In the opinion of management, the accompanying unaudited condensed consolidated
financial statements reflect all adjustments (which include only normal
recurring accruals) necessary to present fairly the Company's financial position
as of March 31, 2000, and the results of its operations for the three months
ended March 31, 2000 and 1999. Certain information normally included in the
financial statements and related notes prepared in accordance with generally
accepted accounting principles has been condensed or omitted. These condensed
consolidated financial statements should be read in conjunction with the
Company's consolidated financial statements and notes thereto appearing in the
Company's December 31, 1999 Annual Report on Form 10-K. Information included in
the condensed consolidated balance sheet as of December 31, 1999 has been
derived from the audited consolidated financial statements appearing in the
Company's Annual Report on Form 10-K.
Note 2: Investments, at Market
The Company records its investments in accordance with the provisions of
Statement of Financial Accounting Standards ("SFAS") No. 115, with the exception
of investments held by Management. The Company has designated those investments
held by the Holding Company, Capital and ASCC in equity and debt securities as
"available for sale," and, accordingly, recorded at market value with the
related unrealized gains and losses net of deferred taxes reported as a separate
component of shareholders' equity. Investments held by Management are recorded
at market value, with the related unrealized gains and losses reflected in the
consolidated statements of income and comprehensive income.
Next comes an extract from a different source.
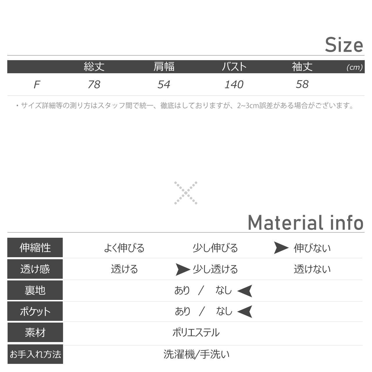 総丈:78/肩幅:54/バスト:140/袖丈:58 (cm)

Investments are recorded on trade date. The cost of investments sold is
determined on the first-in, first-out method. Dividends and interest are accrued
as earned. Securities listed on a securities exchange for which market
quotations are available are valued at the last quoted sales price as of the
last business day of the period. Investments in mutual funds are valued based
upon the net asset value of shares held as reported by the fund. Securities with
no reported sales on such date are valued at their last closing bid price.
Capital serves as a general partner for three Company-sponsored investment
partnerships (the "Partnerships") and as the investment manager for a
Company-sponsored offshore investment fund (the "Offshore Fund"). Investments in
limited partnerships are carried in the accompanying condensed consolidated
financial statements at the Company's share of the net asset values as reported
by the respective Partnerships with the unrealized gain or loss recorded in the
consolidated statements of income and comprehensive income.
7
<PAGE>
Notes to Condensed Consolidated Financial Statements (cont'd)
Note 3: Non-Cash Compensation Charges ("NCCC")
NCCC of approximately $563,000 were charged to operations in both the first
quarter of 2000 and 1999. (See Note 4 below).
Note 4: 1996 Long Term Incentive Plan ("LTIP")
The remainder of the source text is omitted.